We now have a P-touch in shipping for package labels, and one in the supply closet for asset tags. The thermal printing means no ink or toner costs — just the label tape, which runs about $10-15 per roll depending on width. (We go through about a roll every 2 months.)
One tip: buy the "starter" tape that comes with the device before buying third-party. The first-party tape costs more, but the adhesive is stronger. We had third-party labels falling off after 3 months. Never again.
8. Can you give me a rough idea of Brother printer running costs?
Per FTC guidelines (ftc.gov), I'm not making specific pricing claims here — but I can share what I've seen in practice.
For a mid-range Brother monochrome laser (like the HL-L2350DW or HL-L2395DW):
- Starter toner cartridge (comes with the printer): ~700 pages
- Standard replacement toner: ~1,200 pages at roughly $60-70
- High-yield toner: ~3,000 pages at roughly $100-130
- Drum unit: ~12,000 pages at roughly $80-100
So roughly 3–5 cents per page for the toner itself, plus about 0.8 cents per page for drum wear. (Electricity and paper not included.)
For a color inkjet (like the MFC-J4535DW):
- Starter ink cartridges: ~300 pages each
- Standard replacement ink (black): ~300-600 pages at ~$25-35
- Standard color ink: ~300-600 pages at ~$15-25 each
- High-yield ink (black): ~1,500 pages at ~$40-50
Color per-page is higher — roughly 5-12 cents depending on coverage. Print photos in color? Double that.
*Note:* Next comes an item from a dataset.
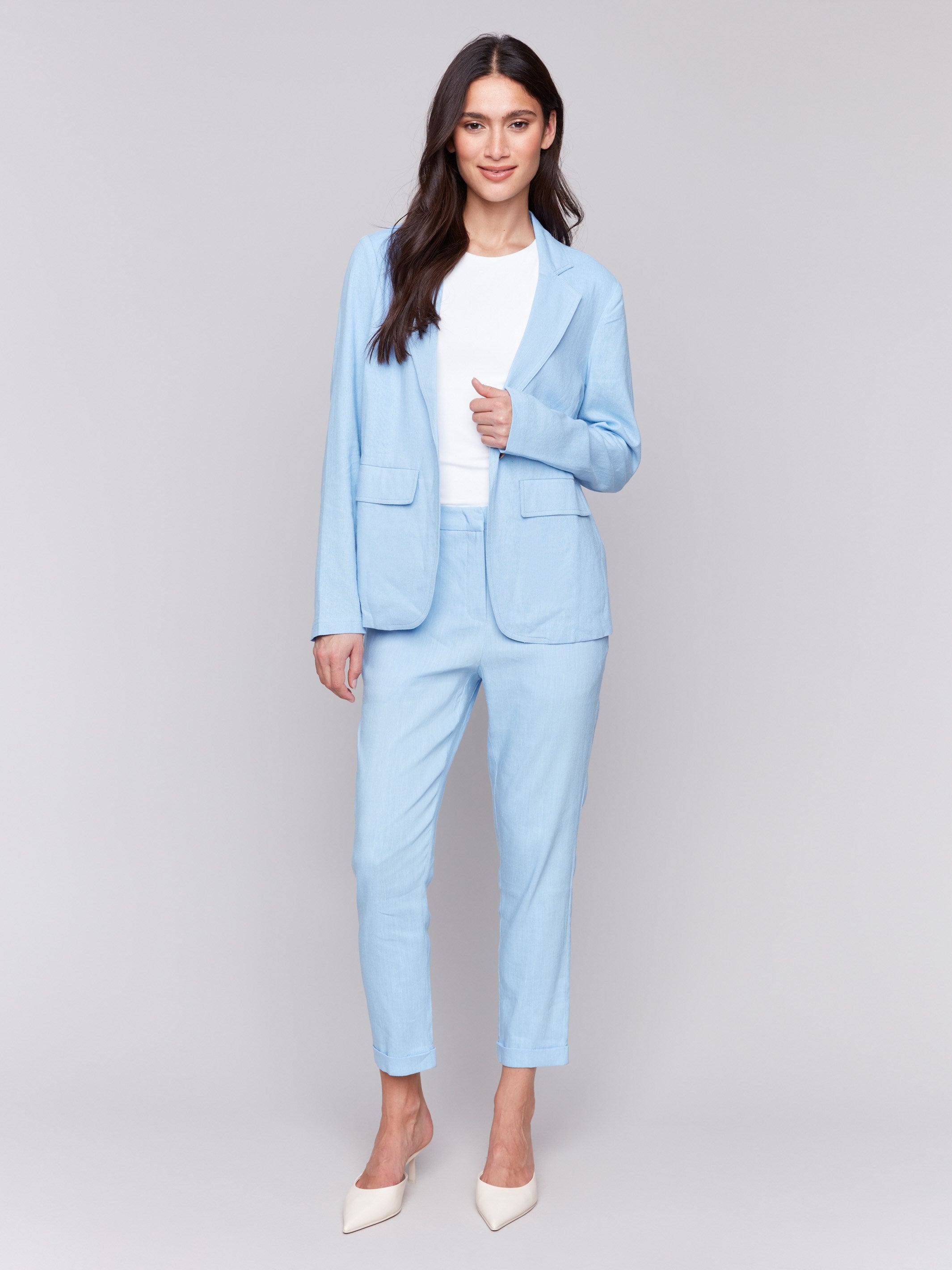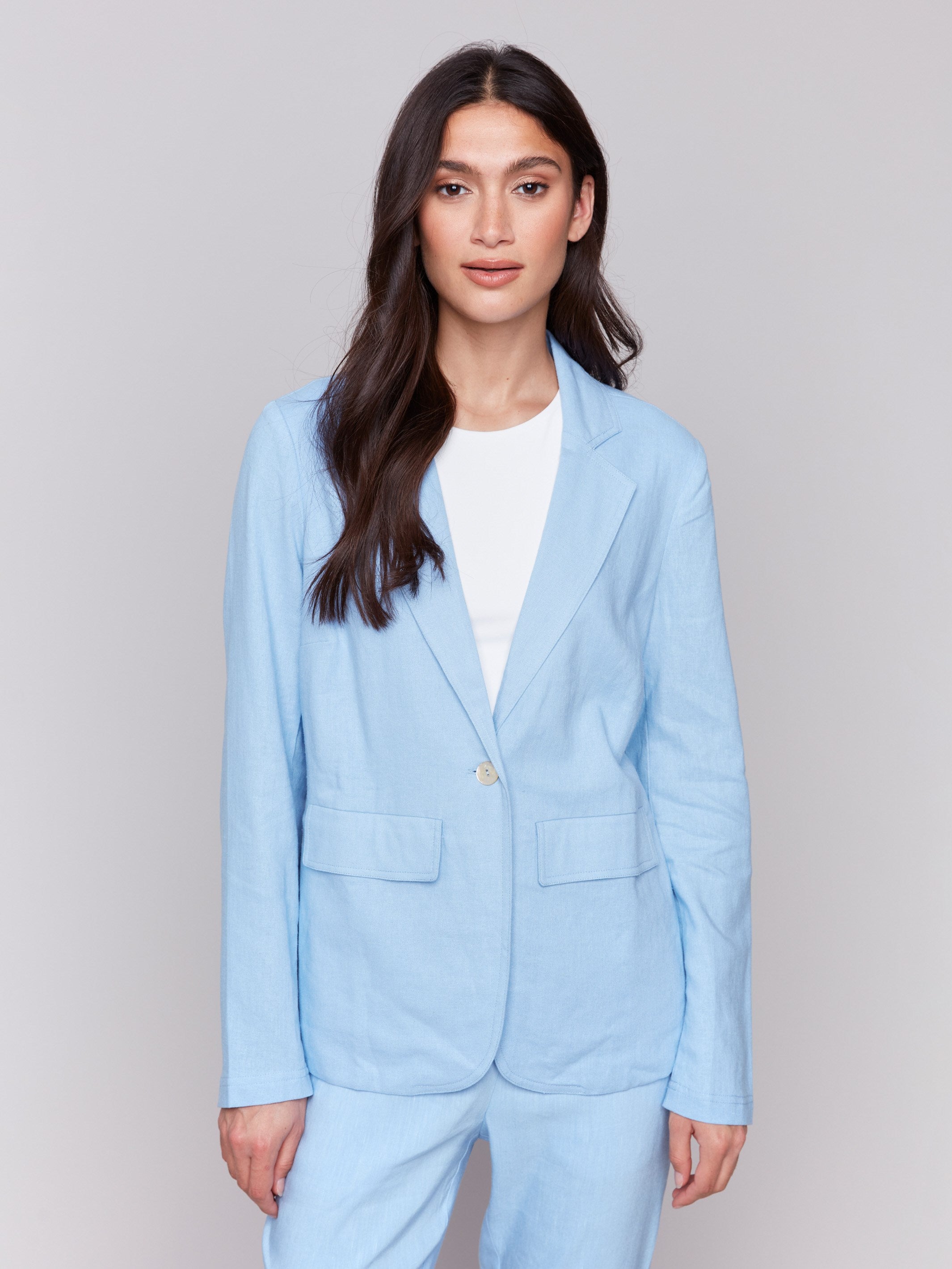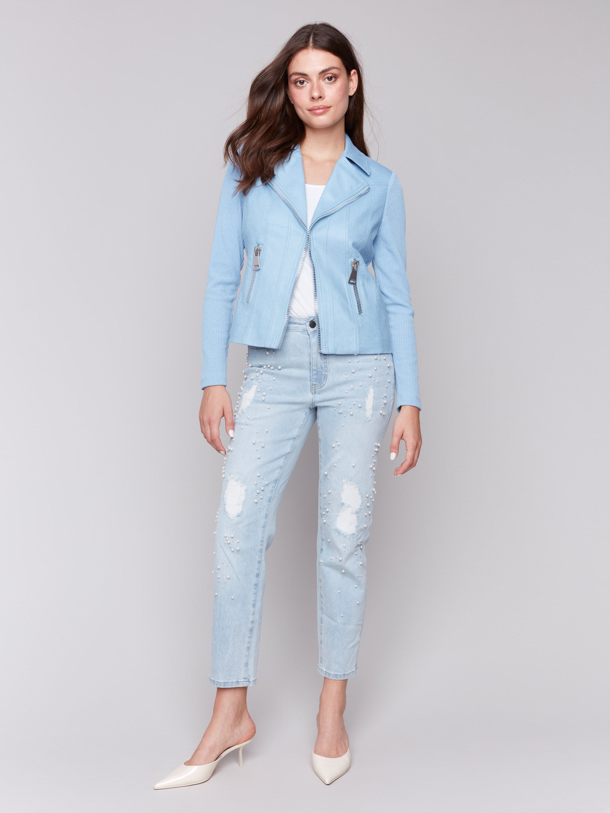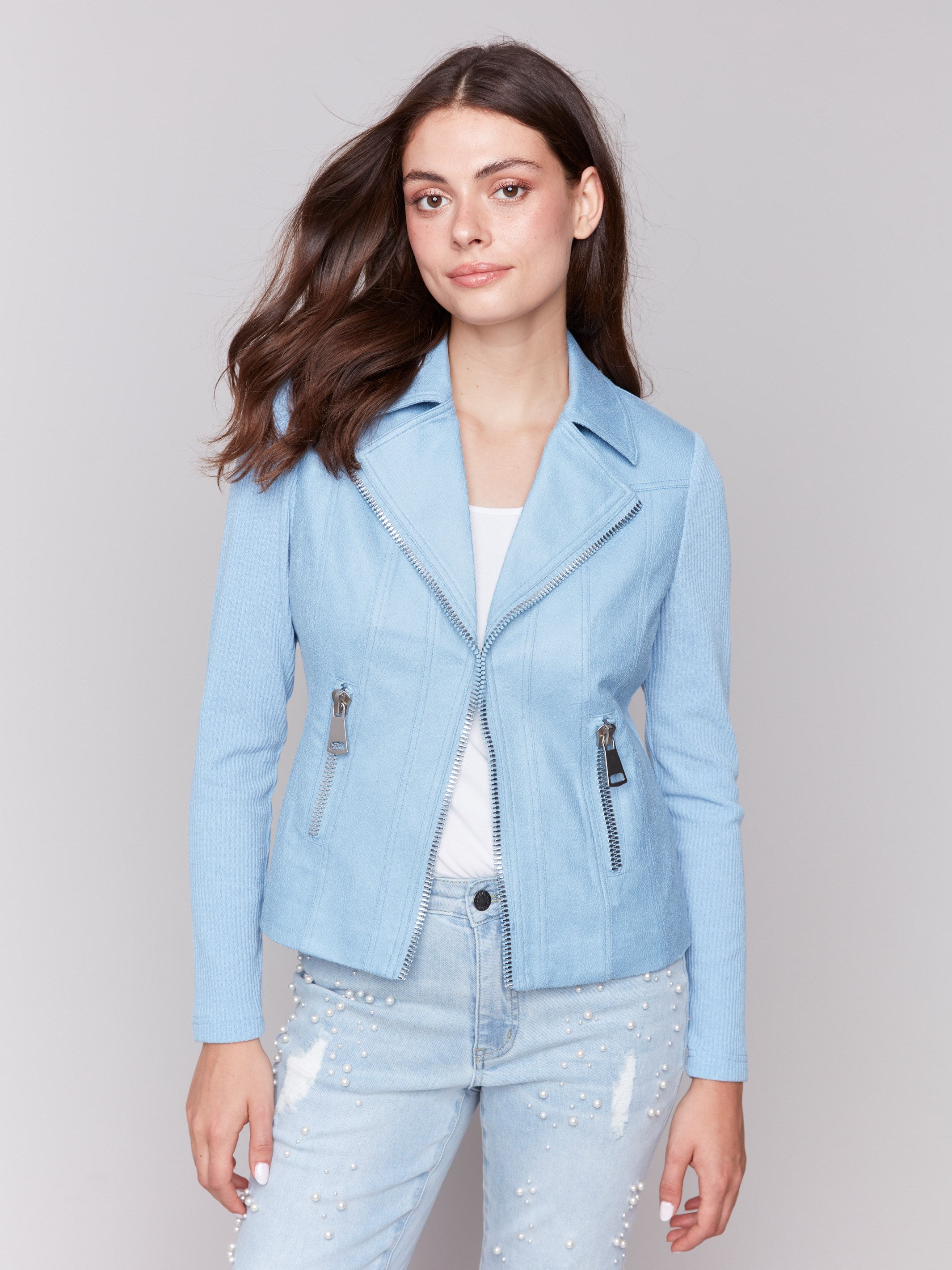 Vintage Faux Leather and Rib Knit Jacket - Bluebell

Important caveat: this pricing was accurate as of early 2025. The market changes — especially with toner supply chain issues. If you're budgeting, add 10% for price fluctuations.
My biggest lesson: never run the toner all the way to empty before replacing. Running a laser printer with low toner can damage the drum unit over time. Replace when the "Toner Low" warning appears, not when it stops printing.
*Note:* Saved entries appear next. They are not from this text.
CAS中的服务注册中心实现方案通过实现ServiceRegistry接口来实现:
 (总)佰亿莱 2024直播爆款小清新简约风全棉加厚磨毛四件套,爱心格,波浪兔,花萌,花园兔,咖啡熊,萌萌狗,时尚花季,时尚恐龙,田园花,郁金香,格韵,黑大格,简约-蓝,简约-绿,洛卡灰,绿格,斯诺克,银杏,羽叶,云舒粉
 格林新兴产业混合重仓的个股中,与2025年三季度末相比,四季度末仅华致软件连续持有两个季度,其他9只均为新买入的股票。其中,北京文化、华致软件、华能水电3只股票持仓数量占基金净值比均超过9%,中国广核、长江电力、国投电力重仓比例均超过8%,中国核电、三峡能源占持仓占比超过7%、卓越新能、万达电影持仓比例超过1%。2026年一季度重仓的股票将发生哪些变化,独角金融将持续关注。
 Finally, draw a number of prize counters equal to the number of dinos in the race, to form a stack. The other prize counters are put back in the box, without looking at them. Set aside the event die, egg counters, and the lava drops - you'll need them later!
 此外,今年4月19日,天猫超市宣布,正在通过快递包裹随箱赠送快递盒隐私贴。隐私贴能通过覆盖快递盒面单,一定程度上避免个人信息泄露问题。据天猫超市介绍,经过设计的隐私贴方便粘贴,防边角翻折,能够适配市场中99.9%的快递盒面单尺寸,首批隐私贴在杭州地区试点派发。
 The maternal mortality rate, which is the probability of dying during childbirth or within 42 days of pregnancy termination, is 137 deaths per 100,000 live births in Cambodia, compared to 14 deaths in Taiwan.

9. If you could go back to your first month managing office printers, what would you tell yourself?
Probably the thing I said at the start: use the IP address for setup. But also:
- Clean the pickup roller every 3 months. It takes 30 seconds and prevents 90% of paper jam issues.
- Don't use the cheapest paper. Brother printers are more tolerant than some brands, but 20 lb bond paper (standard office paper) is the sweet spot.
- The Brother support team is actually helpful. Don't be stubborn like I was and try to fix everything yourself. Their remote diagnostic tool is legit.
- Print volume matters more than purchase price. That $150 printer with expensive toner will cost you more in 2 years than the $400 printer with high-yield toner.
And one last thing: if you're connecting multiple people to the same printer, lock down the settings via the web interface (usually at the printer's IP address, port 80). That way no one accidentally changes the paper size or print quality. (I learned that when someone — not naming names — switched our default tray to "photo paper" and everyone's reports came out on glossy stock for a week.)
This was accurate as of Q1 2025. Office printing changes slowly, but verify current pricing and specs before making a purchase decision.